The statistics were revealed in the annual study — Latin America and the Caribbean in the World Economy 2009-2010, published last week by Economic Commission for Latin America and the Caribbean (ECLAC), which is one of five regional commissions of the United Nations Economic and Social Council.
For 2010, however, Jamaica wasn’t the worst performer–Bahamas declined 23.9 per cent.
The best performers included Trinidad & Tobago, up 10 per cent, Barbados, up 4.8 per cent, and the Eastern Caribbean countries, up 2.7 per cent.
Despite the downturn in Jamaica’s export of goods it was still an improvement over 2009 which registered a decline of 49.8 per cent which was in keeping with Caricom’s decline of 43 per cent.
“Preliminary data for 2010 shows, however, that exports in goods have begun to rebound,” according to the report.
The report revealed that the crisis which peaked in 2009 negatively affected Caribbean trade, with particularly adverse effects on domestic income due to the Caribbean economies’ high dependence on external markets. But discounting the global crisis Jamaica still underperformed the region, between 2003 to 2008 Jamaica’s exports of goods grew 12.5 per cent or nearly half the rate of the Caribbean Community (Caricom) at 23.5 per cent.

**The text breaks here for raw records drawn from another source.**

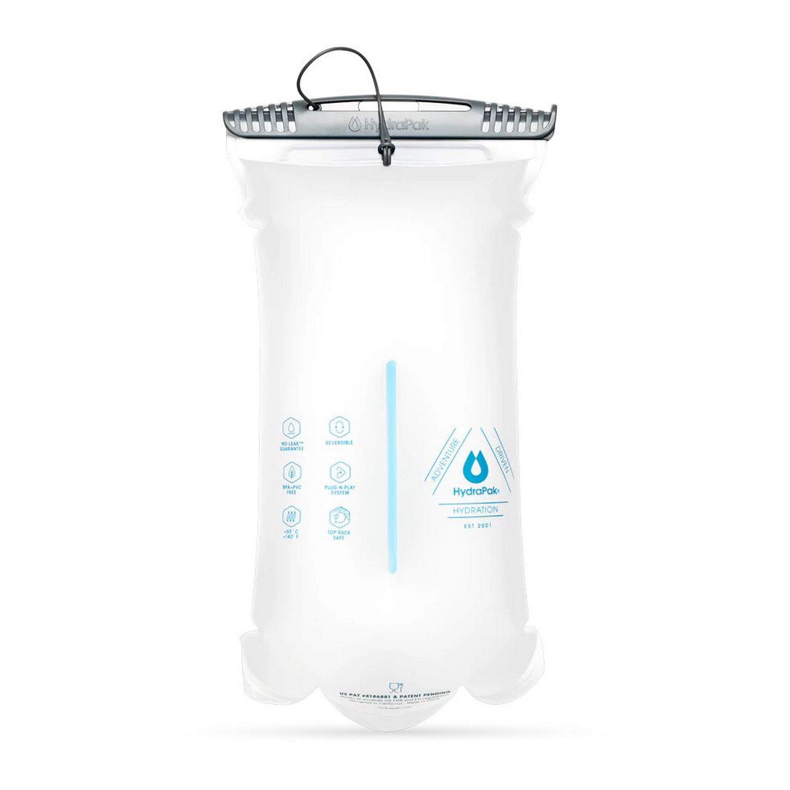 - Центральна перегородка працює за принципом застібки на ziplock-пакет: застебніть її для підтримки плоскої форми гідратора (обсяг становить 1,5 л), або розкрийте для максимальної місткості (2 л).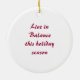 Lightweight, smooth, pure white ornament with nice sheen. Perfect size to be seen from across the room ... and to attract closer inspection! Price was great for ordering enough for the whole family! Clear, bold black design just as requested. Matches the order exactly. Just so nice!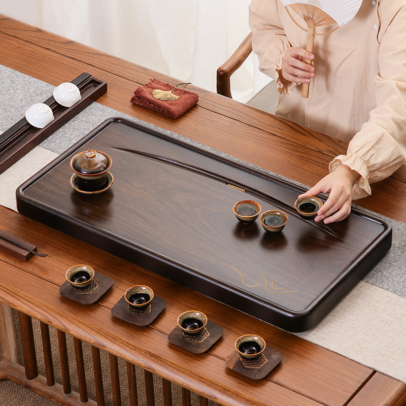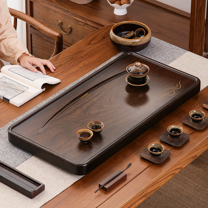 黑檀实木茶盘整块天然原木高档套装茶具排水家用简约客厅轻奢茶台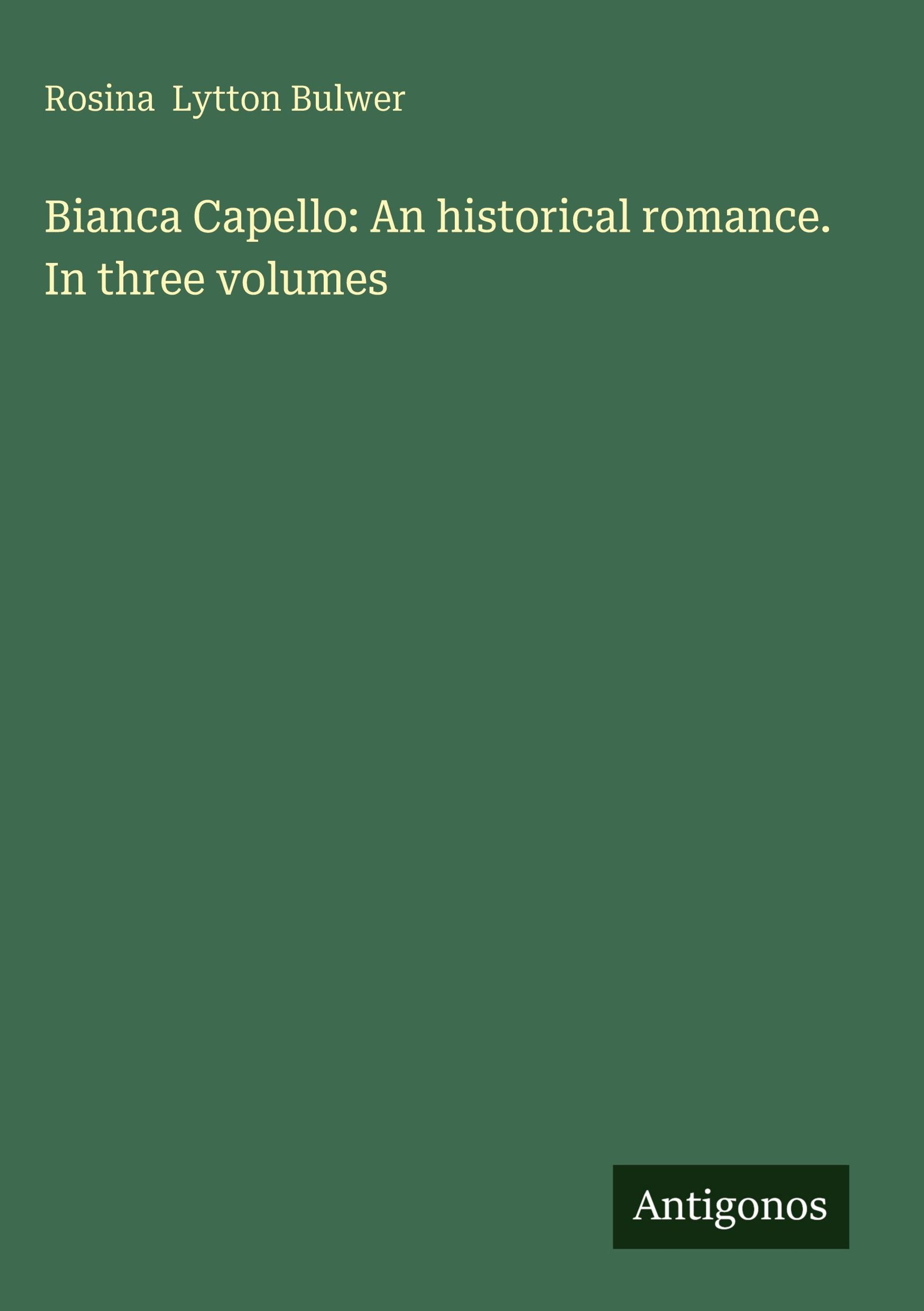 Rosina Lytton Bulwer: Bianca Capello: An historical romance. In three volumes, Gebunden

The study recommended that Caribbean countries address four key issues in order to return to a more sustainable development course:
*Deepening sub-regional integration by taking concrete steps toward the implementation of commitments made thus far and correcting existing deficiencies and weaknesses of the ongoing Caribbean integration process;
*Empowering institutional and human-resource capacities to take full advantage of the opportunities that trade agreements with developed economies offer, particularly the Economic Partnership Agreement (EPA) with the European Union;
*Diversifying exports to promote value generation, knowledge incorporation and productivity upgrading in export-related activities; and
*Enhancing intra- and extra-regional co-operation efforts on “supply-side constraints” accompanied by increased financial resources (including those available from Aid for Trade initiatives) to overcome such constraints in the face of increasingly difficult fiscal balances and limited financial resources in the region.
The annual report, which is a flagship of ECLAC, provides projections on regional trade in 2010 and analyses the role of international trade in economic recovery; the evolution of trade in the region over the past decade; the main Latin American subregional integration systems; how to make the most of the current export drive; the prospects of the Caribbean Community and Japan’s recent strategies to deepen its economic relations with Latin America and the Caribbean.
In July, ECLAC statistics revealed that Jamaica is projected to grow 10 times slower than the region in 2010. The debt-ridden island is expected to grow 0.5 per cent this year whilst the average among Latin America and Caribbean nations is 5.2 per cent according to ECLAC’s Economic Survey of Latin America and the Caribbean 2009-2010.
The highest growth rates projected in 2010 are in South America, led by the biggest economy in the region, Brazil with projections at 7.6 per cent, followed by Uruguay at 7.0 per cent, Paraguay at 7.0 per cent, Argentina at 6.8 per cent and Peru at 6.7 per cent. It stated that other countries in the region will have lower growth rates, such as the Dominican Republic at 6.0 per cent, Panama at 5.0 per cent, Bolivia at 4.5 per cent, Chile at 4.3 per cent and Mexico at 4.1 per cent. Colombia at 3.7 per cent, Ecuador and Honduras at 2.5 per cent, Nicaragua and Guatemala 2.0 per cent. Countries with notable declines in growth include Haiti projected to experience negative 8.5 per cent and Venezuela at negative growth 3.0 per cent.